• _Exercise objective_
The output should be the listing below, limited to the lines from the one with "Acapulco, Gro., 27" through the one with "London Advertiser : 42nd", exact and without pictures.
------ Provided records ------
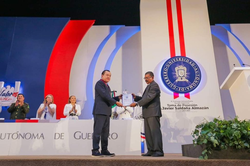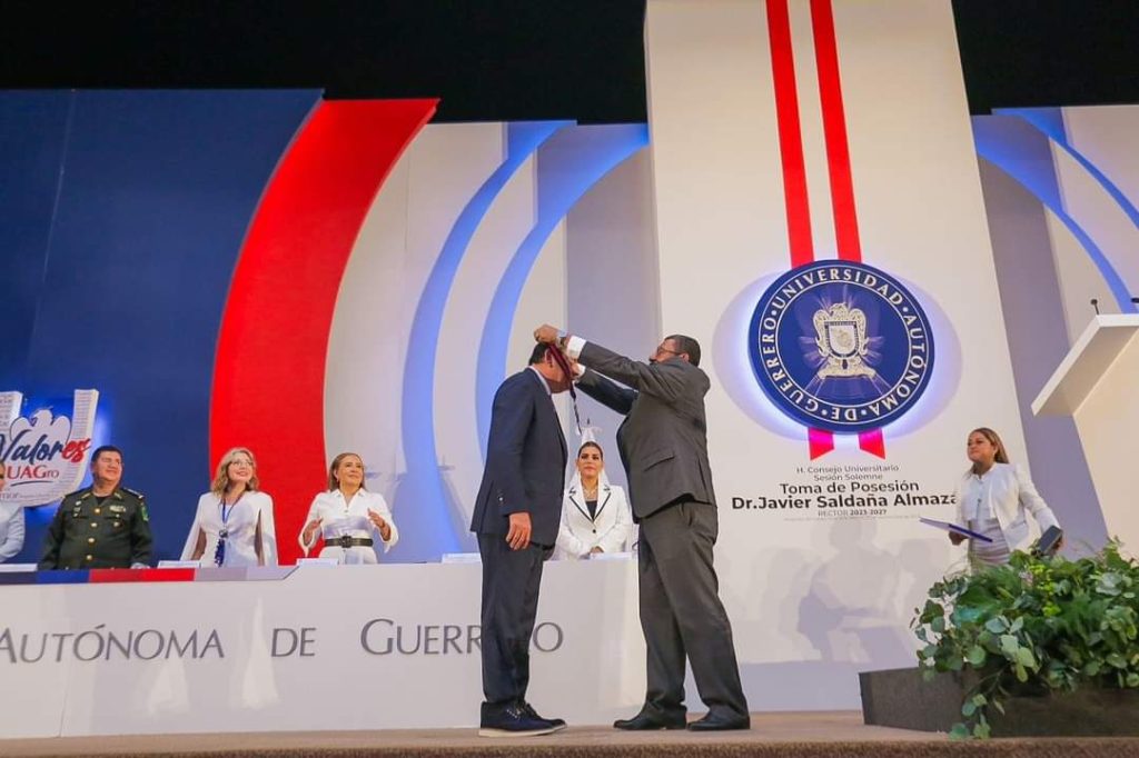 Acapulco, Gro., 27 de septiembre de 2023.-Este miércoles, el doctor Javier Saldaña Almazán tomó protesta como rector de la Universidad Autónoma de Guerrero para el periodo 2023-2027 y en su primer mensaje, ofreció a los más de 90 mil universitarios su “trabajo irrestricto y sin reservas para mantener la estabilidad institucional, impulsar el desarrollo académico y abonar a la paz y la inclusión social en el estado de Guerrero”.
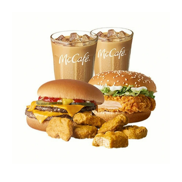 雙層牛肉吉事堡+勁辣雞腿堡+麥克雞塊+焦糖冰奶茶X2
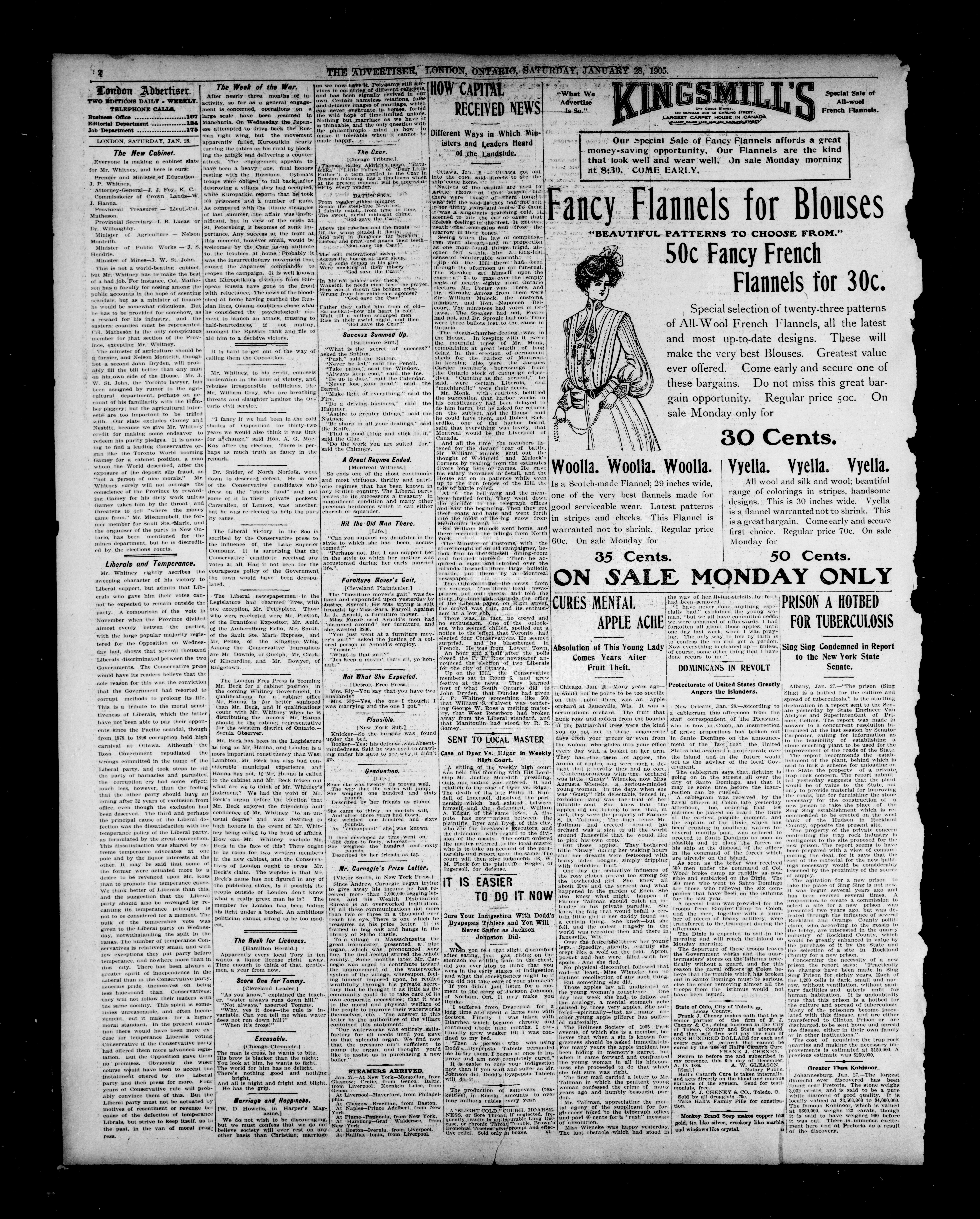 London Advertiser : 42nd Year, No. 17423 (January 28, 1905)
------
------ Provided records ------
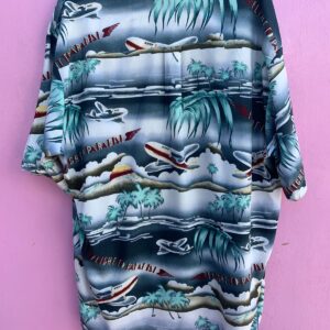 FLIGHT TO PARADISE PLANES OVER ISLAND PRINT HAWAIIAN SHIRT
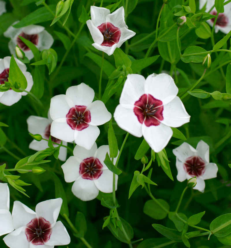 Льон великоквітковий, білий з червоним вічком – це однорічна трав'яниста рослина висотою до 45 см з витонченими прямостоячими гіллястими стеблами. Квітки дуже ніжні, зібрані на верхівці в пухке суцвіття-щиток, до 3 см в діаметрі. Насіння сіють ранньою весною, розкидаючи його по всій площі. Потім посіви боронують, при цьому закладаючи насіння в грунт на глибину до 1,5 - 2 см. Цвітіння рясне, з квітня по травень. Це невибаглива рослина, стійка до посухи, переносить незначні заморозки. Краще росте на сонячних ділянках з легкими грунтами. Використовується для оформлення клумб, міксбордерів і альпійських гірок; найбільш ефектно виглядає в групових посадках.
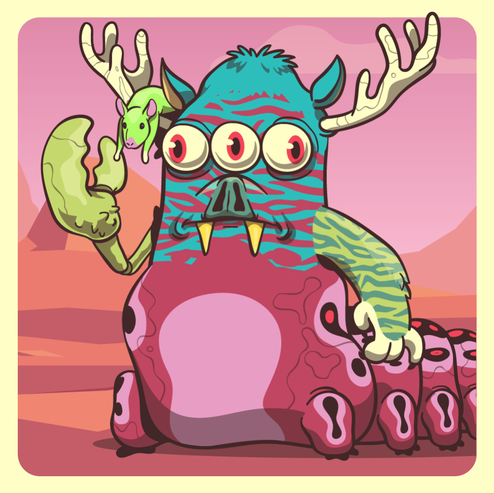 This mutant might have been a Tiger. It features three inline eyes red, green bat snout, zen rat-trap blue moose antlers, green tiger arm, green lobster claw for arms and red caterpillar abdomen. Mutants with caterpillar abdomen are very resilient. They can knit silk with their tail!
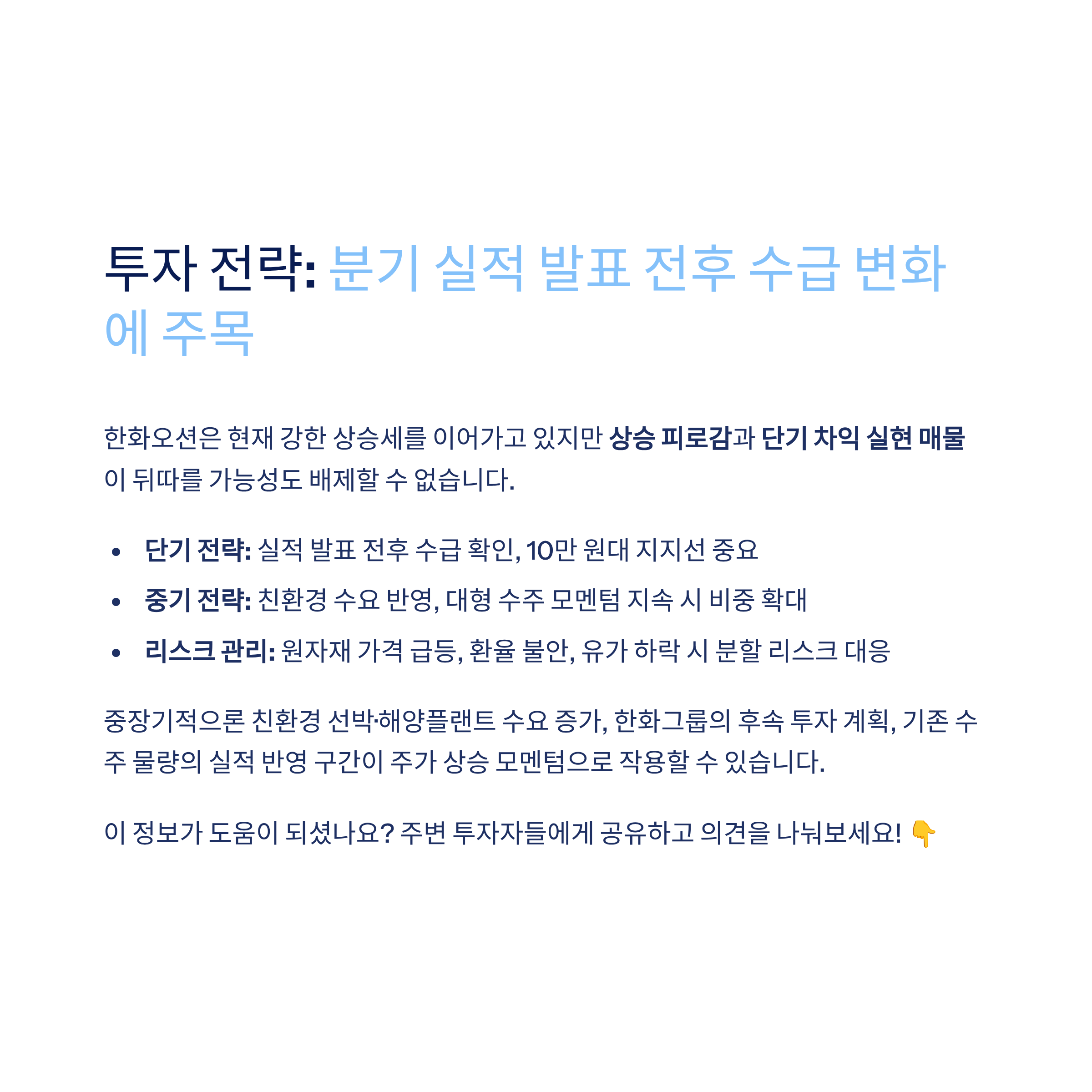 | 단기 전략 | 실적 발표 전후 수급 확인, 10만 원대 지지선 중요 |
------
• _Exercise response_
 Acapulco, Gro., 27 de septiembre de 2023.-Este miércoles, el doctor Javier Saldaña Almazán tomó protesta como rector de la Universidad Autónoma de Guerrero para el periodo 2023-2027 y en su primer mensaje, ofreció a los más de 90 mil universitarios su “trabajo irrestricto y sin reservas para mantener la estabilidad institucional, impulsar el desarrollo académico y abonar a la paz y la inclusión social en el estado de Guerrero”.
 雙層牛肉吉事堡+勁辣雞腿堡+麥克雞塊+焦糖冰奶茶X2
 London Advertiser : 42nd Year, No. 17423 (January 28, 1905)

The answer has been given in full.